▶

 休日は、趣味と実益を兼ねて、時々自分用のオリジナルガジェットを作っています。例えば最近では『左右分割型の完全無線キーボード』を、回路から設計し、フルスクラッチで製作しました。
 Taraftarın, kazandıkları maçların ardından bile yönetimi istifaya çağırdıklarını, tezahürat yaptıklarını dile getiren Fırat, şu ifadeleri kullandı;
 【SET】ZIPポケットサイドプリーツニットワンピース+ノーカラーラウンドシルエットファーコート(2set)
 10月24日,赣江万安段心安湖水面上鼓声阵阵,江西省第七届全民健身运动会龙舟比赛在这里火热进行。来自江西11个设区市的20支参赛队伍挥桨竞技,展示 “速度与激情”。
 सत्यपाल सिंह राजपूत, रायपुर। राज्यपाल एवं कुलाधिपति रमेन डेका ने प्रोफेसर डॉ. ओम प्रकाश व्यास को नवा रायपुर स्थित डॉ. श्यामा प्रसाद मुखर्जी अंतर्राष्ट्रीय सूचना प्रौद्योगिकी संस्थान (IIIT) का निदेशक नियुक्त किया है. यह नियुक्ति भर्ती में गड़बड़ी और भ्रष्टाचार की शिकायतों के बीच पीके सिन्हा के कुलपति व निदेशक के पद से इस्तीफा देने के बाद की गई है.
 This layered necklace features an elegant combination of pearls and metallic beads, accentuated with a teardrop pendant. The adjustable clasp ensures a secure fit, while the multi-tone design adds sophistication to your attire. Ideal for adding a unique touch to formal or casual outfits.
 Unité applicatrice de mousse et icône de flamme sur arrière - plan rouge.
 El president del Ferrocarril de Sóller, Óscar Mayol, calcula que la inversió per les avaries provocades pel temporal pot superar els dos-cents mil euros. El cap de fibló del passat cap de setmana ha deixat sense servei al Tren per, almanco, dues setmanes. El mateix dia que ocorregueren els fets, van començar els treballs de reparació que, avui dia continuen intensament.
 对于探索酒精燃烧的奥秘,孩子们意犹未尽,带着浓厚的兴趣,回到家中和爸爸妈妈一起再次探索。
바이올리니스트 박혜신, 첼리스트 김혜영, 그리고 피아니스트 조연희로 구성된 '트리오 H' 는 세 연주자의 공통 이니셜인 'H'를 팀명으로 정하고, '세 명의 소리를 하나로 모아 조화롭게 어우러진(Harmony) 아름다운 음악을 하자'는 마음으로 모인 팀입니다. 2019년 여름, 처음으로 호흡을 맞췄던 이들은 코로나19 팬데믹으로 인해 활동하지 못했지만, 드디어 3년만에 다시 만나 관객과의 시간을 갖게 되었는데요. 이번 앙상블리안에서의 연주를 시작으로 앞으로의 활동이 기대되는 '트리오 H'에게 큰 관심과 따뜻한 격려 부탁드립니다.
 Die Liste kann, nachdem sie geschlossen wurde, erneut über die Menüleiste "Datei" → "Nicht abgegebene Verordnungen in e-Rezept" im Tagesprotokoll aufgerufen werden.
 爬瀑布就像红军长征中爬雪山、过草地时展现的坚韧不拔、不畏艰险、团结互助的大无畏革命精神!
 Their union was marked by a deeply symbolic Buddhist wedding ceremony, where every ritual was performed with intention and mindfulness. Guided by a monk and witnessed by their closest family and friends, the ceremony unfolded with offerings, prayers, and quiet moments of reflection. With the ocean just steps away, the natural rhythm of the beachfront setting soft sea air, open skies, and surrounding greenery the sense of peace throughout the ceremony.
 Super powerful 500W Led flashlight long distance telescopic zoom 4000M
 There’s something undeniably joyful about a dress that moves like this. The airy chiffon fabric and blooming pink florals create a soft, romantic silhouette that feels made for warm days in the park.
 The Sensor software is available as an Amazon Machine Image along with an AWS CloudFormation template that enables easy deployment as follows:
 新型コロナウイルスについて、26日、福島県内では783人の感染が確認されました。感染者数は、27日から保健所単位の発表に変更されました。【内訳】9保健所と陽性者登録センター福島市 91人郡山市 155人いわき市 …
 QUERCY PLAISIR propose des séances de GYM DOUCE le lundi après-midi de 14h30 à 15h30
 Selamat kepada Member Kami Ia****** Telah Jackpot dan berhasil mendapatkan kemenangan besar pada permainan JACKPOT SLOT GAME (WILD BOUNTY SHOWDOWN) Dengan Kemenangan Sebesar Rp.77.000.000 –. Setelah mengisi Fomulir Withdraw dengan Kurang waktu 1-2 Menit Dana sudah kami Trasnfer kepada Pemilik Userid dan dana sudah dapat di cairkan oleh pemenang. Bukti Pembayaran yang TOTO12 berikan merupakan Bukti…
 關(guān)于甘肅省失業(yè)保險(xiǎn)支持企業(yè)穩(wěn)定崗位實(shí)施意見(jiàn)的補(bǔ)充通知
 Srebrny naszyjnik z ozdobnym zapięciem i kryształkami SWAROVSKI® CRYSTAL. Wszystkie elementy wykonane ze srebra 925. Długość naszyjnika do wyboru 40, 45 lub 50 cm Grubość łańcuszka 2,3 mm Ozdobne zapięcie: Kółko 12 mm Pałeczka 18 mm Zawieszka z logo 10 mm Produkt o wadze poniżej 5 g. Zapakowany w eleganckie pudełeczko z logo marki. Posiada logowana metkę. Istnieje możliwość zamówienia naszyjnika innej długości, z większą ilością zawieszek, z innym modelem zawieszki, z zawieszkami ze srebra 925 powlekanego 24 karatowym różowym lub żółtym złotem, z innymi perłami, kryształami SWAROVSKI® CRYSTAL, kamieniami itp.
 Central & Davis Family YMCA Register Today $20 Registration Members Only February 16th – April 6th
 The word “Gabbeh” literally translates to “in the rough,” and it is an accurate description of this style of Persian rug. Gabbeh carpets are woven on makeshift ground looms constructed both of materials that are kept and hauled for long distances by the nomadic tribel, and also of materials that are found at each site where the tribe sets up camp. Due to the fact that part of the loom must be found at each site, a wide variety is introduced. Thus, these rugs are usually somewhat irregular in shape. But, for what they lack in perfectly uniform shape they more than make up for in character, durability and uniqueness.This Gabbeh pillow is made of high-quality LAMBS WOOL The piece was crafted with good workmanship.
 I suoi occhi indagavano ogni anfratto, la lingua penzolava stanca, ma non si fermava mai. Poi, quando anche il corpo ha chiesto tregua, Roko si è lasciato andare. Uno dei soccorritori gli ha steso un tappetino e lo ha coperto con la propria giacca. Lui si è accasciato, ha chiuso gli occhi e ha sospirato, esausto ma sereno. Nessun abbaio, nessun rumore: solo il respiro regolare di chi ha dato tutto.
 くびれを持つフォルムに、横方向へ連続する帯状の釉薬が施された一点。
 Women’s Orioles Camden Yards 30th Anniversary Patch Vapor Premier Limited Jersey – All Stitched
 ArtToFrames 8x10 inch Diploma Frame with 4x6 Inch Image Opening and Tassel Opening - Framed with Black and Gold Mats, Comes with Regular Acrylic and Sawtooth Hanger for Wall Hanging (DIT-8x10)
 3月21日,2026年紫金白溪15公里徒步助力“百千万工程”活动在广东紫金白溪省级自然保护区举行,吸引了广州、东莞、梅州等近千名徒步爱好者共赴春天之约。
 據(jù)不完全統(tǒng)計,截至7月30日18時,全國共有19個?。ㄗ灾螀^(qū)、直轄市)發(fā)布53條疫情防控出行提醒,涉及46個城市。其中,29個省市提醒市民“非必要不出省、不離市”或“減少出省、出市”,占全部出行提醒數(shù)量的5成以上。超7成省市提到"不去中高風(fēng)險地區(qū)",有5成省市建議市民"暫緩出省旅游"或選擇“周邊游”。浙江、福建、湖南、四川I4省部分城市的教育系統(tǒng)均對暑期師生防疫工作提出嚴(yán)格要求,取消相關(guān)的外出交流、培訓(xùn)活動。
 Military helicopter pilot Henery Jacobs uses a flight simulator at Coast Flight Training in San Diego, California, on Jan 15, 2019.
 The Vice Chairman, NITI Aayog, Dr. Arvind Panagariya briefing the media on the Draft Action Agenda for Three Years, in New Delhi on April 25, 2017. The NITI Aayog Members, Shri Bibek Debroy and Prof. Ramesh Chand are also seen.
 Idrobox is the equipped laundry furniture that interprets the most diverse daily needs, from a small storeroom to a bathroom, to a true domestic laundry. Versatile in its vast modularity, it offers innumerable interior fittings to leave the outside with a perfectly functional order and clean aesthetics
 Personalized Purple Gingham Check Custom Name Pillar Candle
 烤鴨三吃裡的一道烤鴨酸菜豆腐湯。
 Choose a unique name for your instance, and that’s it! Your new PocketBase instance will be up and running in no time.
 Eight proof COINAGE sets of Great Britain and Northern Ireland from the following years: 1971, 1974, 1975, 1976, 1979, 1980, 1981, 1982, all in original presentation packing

◀

EXERCISE REQUIREMENTS
Print, please, the lines above from the very first through the one that holds "10月24日,赣江万安段心安", both included, word for word and with nothing else.

YOUR RESPONSE
 休日は、趣味と実益を兼ねて、時々自分用のオリジナルガジェットを作っています。例えば最近では『左右分割型の完全無線キーボード』を、回路から設計し、フルスクラッチで製作しました。
 Taraftarın, kazandıkları maçların ardından bile yönetimi istifaya çağırdıklarını, tezahürat yaptıklarını dile getiren Fırat, şu ifadeleri kullandı;
 【SET】ZIPポケットサイドプリーツニットワンピース+ノーカラーラウンドシルエットファーコート(2set)
 10月24日,赣江万安段心安湖水面上鼓声阵阵,江西省第七届全民健身运动会龙舟比赛在这里火热进行。来自江西11个设区市的20支参赛队伍挥桨竞技,展示 “速度与激情”。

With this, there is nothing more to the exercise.